Here he is presenting our work at NeurIPS 2019!
The first chapter (Ch 2) develops a method by which a knowledge graph can be incorporated into large-scale pointwise collaborative filtering. This problem is important because quite often structural information for users and items in collaborative filtering comes in the form of a graph. Many approaches such as using graph convolutional networks, are difficult to apply to large collaborative filtering datasets because the neighborhood size (the receptive field in GCNs) scales exponentially with depth. This chapter proposes using the Bloom filter to encode deep graph information and it provides provable guarantees for the resulting method. This paper will appear in AIStats 2020.
Earlier in Liwei’s research career, Liwei developed tools for training factorization based recommendation systems with novel ranking losses. These appear in Chapters 3 and 4, which is on collaborative ranking in which users in a recommendation system have ranked or rated items and we would like to either recommend new items or denoise the empirical rankings by using all of the ratings together. His first work on this topic, “Large-scale Collaborative Ranking in Near-Linear Time”, is the subject of Chapter 3 and was published in KDD 2017. The topic is on using pairwise comparisons to learn latent user, item features that explain the observed ranking. This work develops efficient algorithms that allow these methods to scale to massive datasets.

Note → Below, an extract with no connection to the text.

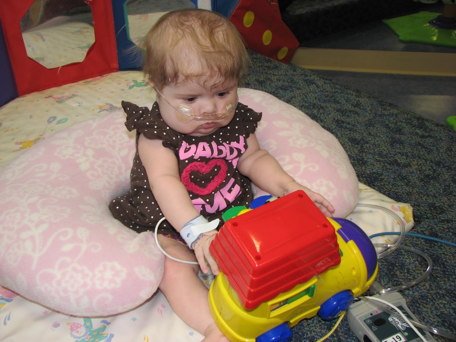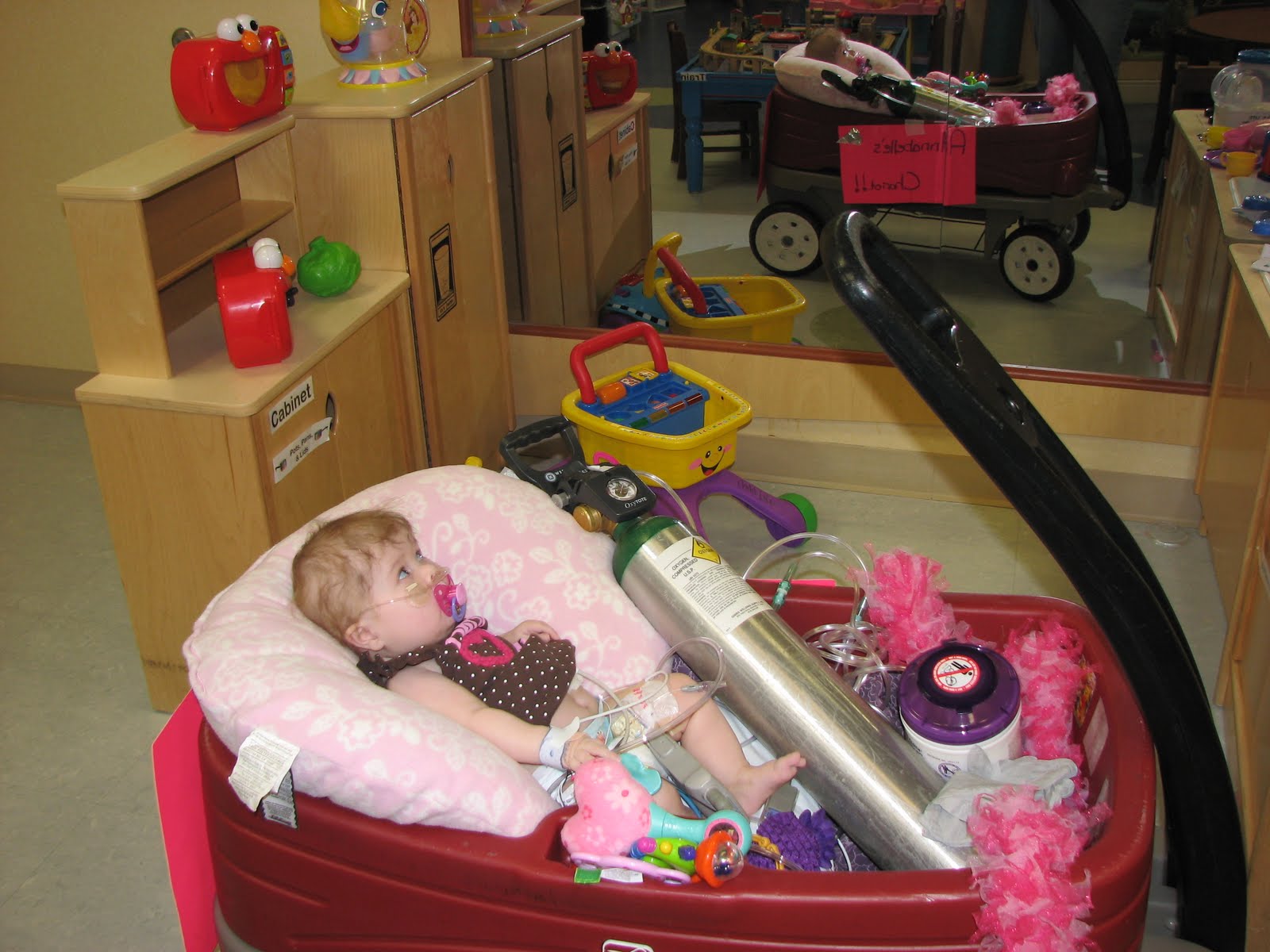 A FUN thing though! Yesterday (Tuesday) we went to the play room for the first time! It was the first time Annabelle was out of the normal hospital “pod.” The playroom was closed, but they opened it just for us (she can’t be around other kids at the hospital for obvious reasons.)

Liwei turned his attention to listwise ranking algorithms, the subject of Chapter 4, where a permutation based model is assumed as the generative process for a user’s ranking. Liwei developed a fast implementation of the method, and performed exhaustive empirical comparisons with state-of-the-art methods. Liwei showed that using the full list in the listwise model outperformed other simplified ranking losses. This work has appeared in ICML.
Chapters 5 and 6 are on using deep learning methods with user embeddings. Previous work had shown that incorporating user embeddings into attention models does not improve performance. Liwei suspected that because user embeddings dramatically increase the number of parameters then this model tends to overfit and thus some form of regularization is required. He developed a novel form of regularization called stochastically shared embeddings, which enabled personalized deep learning models to outperform their un-personalized counterparts. Liwei followed this work with a more extensive analysis of a personalized transformer model for sequential recommendation (In submission). This constitutes the current state of the art in recommendation systems as it incorporates ranking and temporal information in a collaborative fashion.